_WHAT IS EXPECTED_
The answer is to be the data that follows, transcribed exactly, minus its pictures.

_DATA EXCERPT_
------------------------------------------------
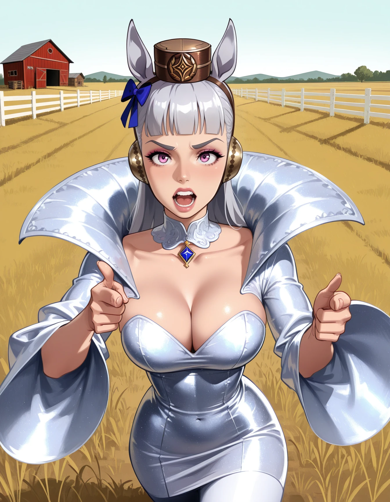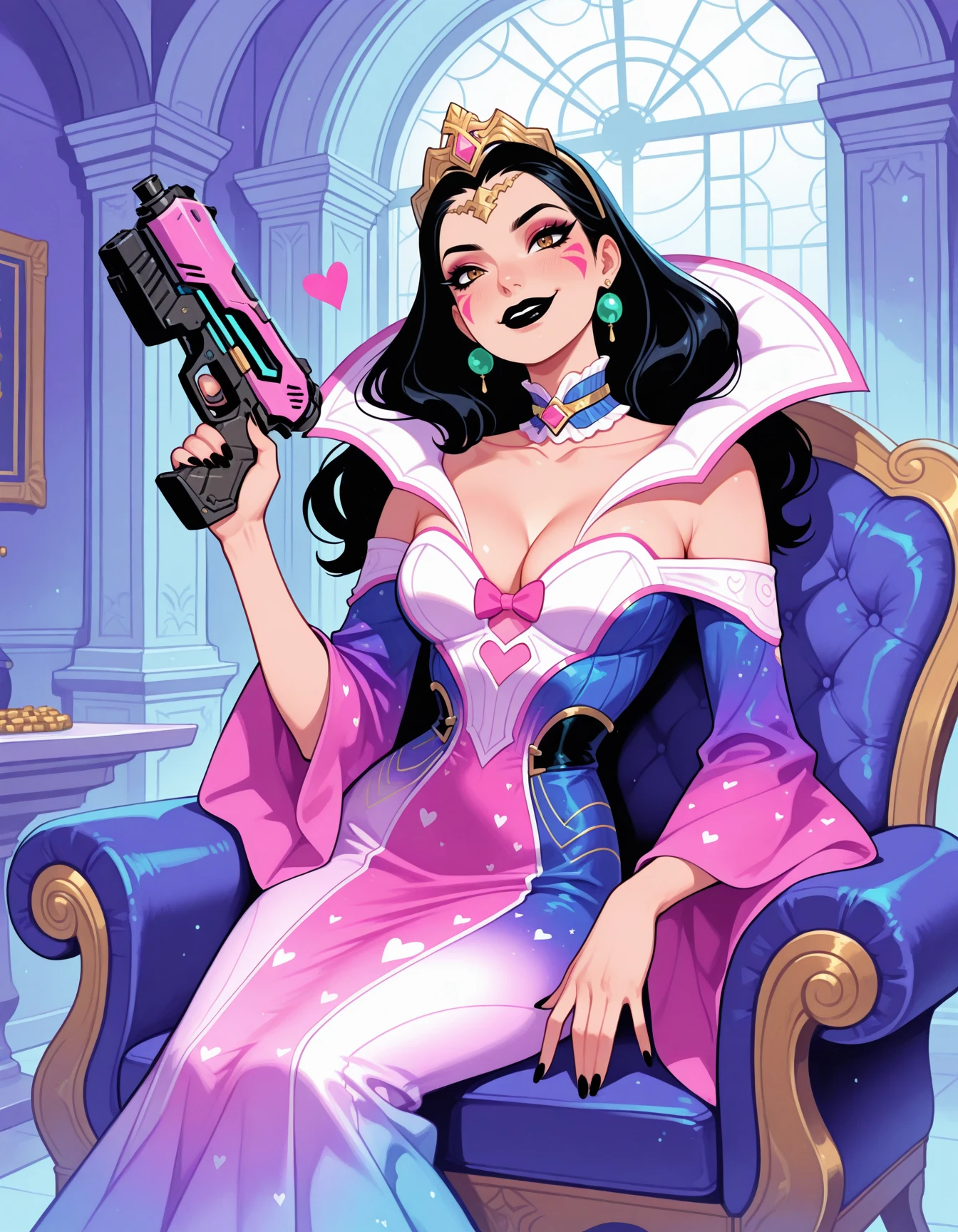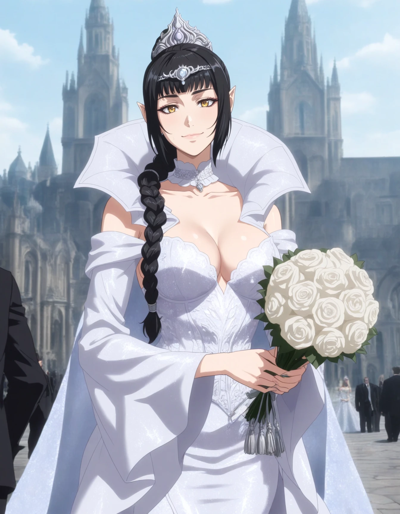 Best with: black clothing, gradient clothing, multicolored dress, snowflake print, satin clothing, cleavage, detached collar, (oversized high collar, elizabethan collar), tiny tassels, flared skirt, floor length dress, formal, tiara, wide sleeves, collarbone
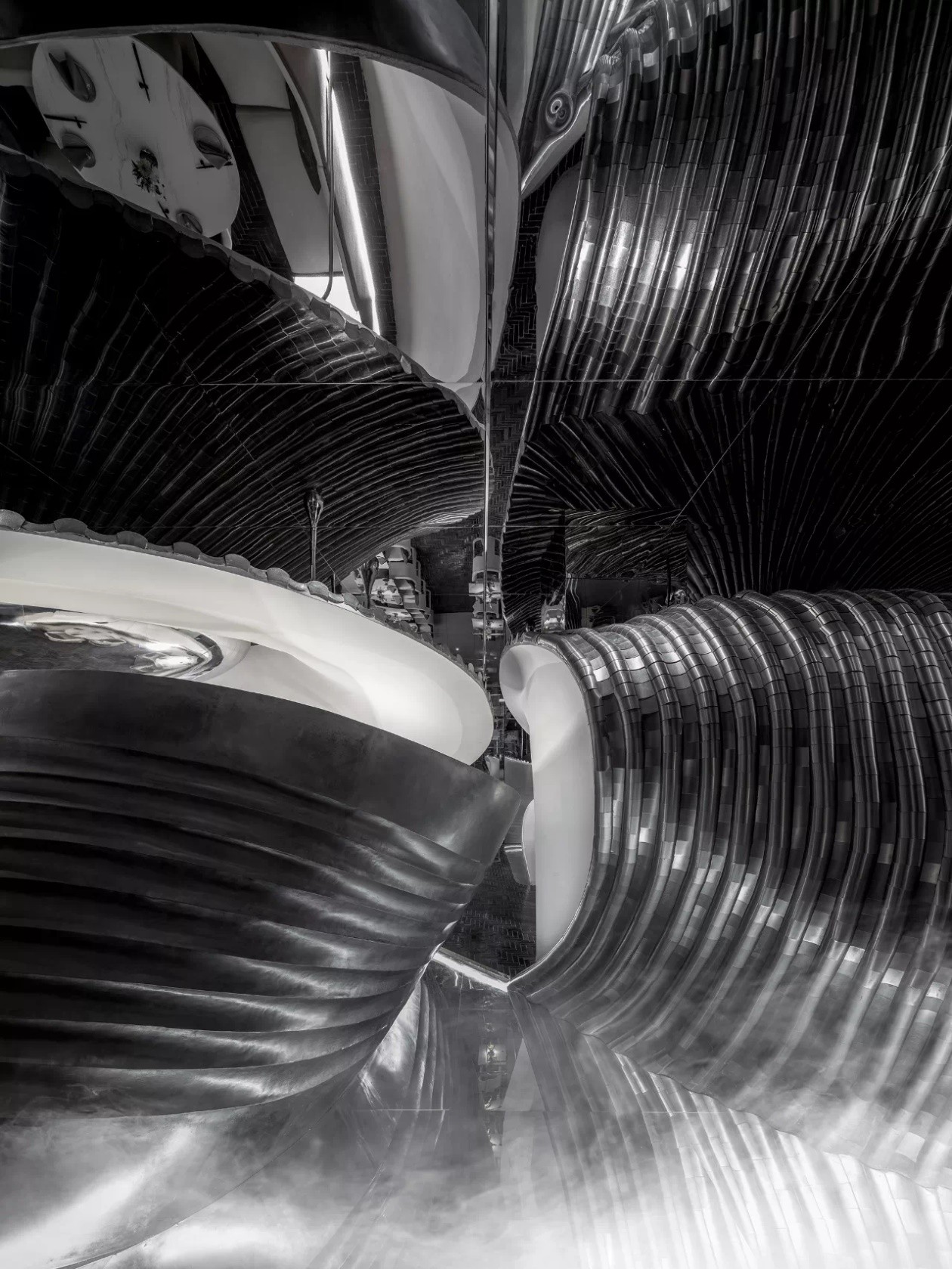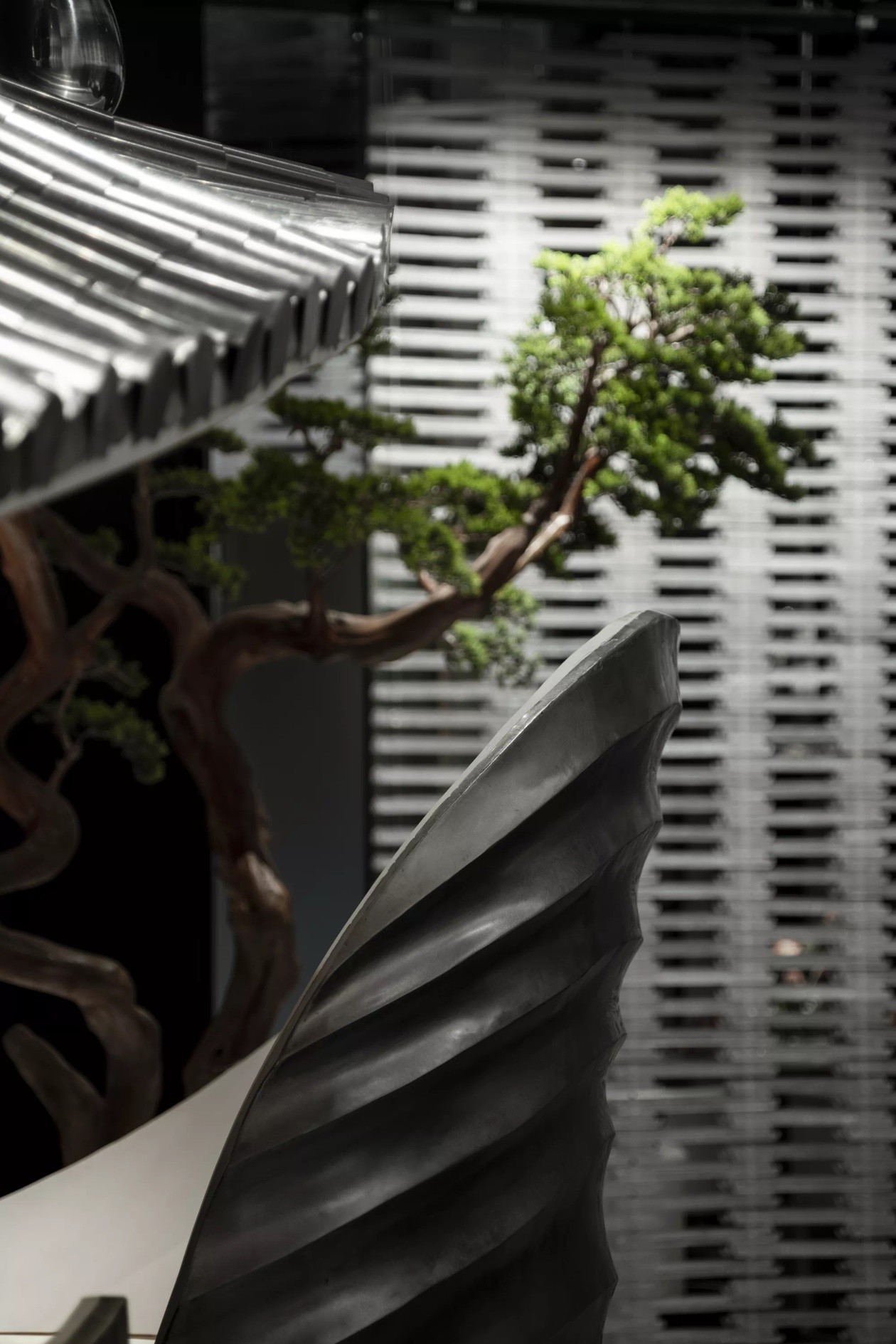 材料、线条、语汇的抽象,与体量、块面在空间中互为延伸,形成山水的演绎:“山”的连绵,“水”的静谧——由此所产生出的连续不规则的空间,在尺度感与空间感上赋予了全新的感受,充斥着一种革新式的冲击。
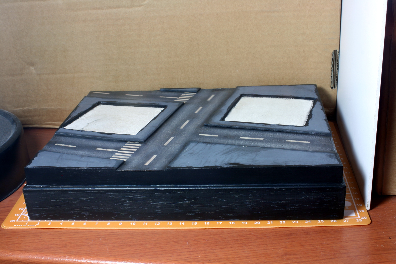 I did manage to highlight the building and paint up the streets and start work on the base details – but that is it. I wanted to finish the base and start painting the robots – but alas the best laid plans…and all that stuff.
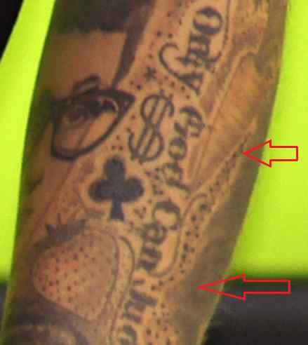 Tatuagem: Há uma frase tatuada em seu antebraço esquerdo que diz: “Somente Deus pode me julgar”. A citação também tem uma cenoura, um cifrão, um clube e um morango ao lado.
------------------------------------------------
_OUTPUT OF THE EXERCISE_
 Best with: black clothing, gradient clothing, multicolored dress, snowflake print, satin clothing, cleavage, detached collar, (oversized high collar, elizabethan collar), tiny tassels, flared skirt, floor length dress, formal, tiara, wide sleeves, collarbone
 材料、线条、语汇的抽象,与体量、块面在空间中互为延伸,形成山水的演绎:“山”的连绵,“水”的静谧——由此所产生出的连续不规则的空间,在尺度感与空间感上赋予了全新的感受,充斥着一种革新式的冲击。
 I did manage to highlight the building and paint up the streets and start work on the base details – but that is it. I wanted to finish the base and start painting the robots – but alas the best laid plans…and all that stuff.
 Tatuagem: Há uma frase tatuada em seu antebraço esquerdo que diz: “Somente Deus pode me julgar”. A citação também tem uma cenoura, um cifrão, um clube e um morango ao lado.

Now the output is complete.